The Information - James Gleick [142]
Even before the exact answer was reached, Crick crystallized its fundamental principles in a statement that he called (and is called to this day) the Central Dogma. It is a hypothesis about the direction of evolution and the origin of life; it is provable in terms of Shannon entropy in the possible chemical alphabets:
Once “information” has passed into protein it cannot get out again. In more detail, the transfer of information from nucleic acid to nucleic acid, or from nucleic acid to protein may be possible, but transfer from protein to protein, or from protein to nucleic acid is impossible. Information means here the precise determination of sequence.♦
The genetic message is independent and impenetrable: no information from events outside can change it.
Information had never been writ so small.

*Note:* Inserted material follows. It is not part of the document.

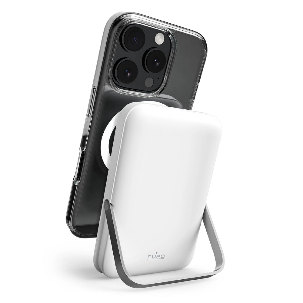Puro 10000mAh MagSafe Wireless Power Bank with Aluminum Stand - White

Here is scripture at angstrom scale, published where no one can see, the Book of Life in the eye of a needle.
Omne vivum ex ovo. “The complete description of the organism is already written in the egg,”♦ said Sydney Brenner to Horace Freeland Judson, molecular biology’s great chronicler, at Cambridge in the winter of 1971. “Inside every animal there is an internal description of that animal.… What is going to be difficult is the immense amount of detail that will have to be subsumed. The most economical language of description is the molecular, genetic description that is already there. We do not yet know, in that language, what the names are. What does the organism name to itself? We cannot say that an organism has, for example, a name for a finger. There’s no guarantee that in making a hand, the explanation can be couched in the terms we use for making a glove.”
Brenner was in a thoughtful mood, drinking sherry before dinner at King’s College. When he began working with Crick, less than two decades before, molecular biology did not even have a name. Two decades later, in the 1990s, scientists worldwide would undertake the mapping of the entire human genome: perhaps 20,000 genes, 3 billion base pairs. What was the most fundamental change? It was a shift of the frame, from energy and matter to information.
“All of biochemistry up to the fifties was concerned with where you get the energy and the materials for cell function,” Brenner said. “Biochemists only thought about the flux of energy and the flow of matter. Molecular biologists started to talk about the flux of information. Looking back, one can see that the double helix brought the realization that information in biological systems could be studied in much the same way as energy and matter.…
“Look,” he told Judson, “let me give you an example. If you went to a biologist twenty years ago and asked him, How do you make a protein, he would have said, Well, that’s a horrible problem, I don’t know … but the important question is where do you get the energy to make the peptide bond. Whereas the molecular biologist would have said, That’s not the problem, the important problem is where do you get the instructions to assemble the sequence of amino acids, and to hell with the energy; the energy will look after itself.”
By this time, the technical jargon of biologists included the words alphabet, library, editing, proofreading, transcription, translation, nonsense, synonym, and redundancy. Genetics and DNA had drawn the attention not just of cryptographers but of classical linguists. Certain proteins, capable of flipping from one relatively stable state to another, were found to act as relays, accepting ciphered commands and passing them to their neighbors—switching stations in three-dimensional communications networks.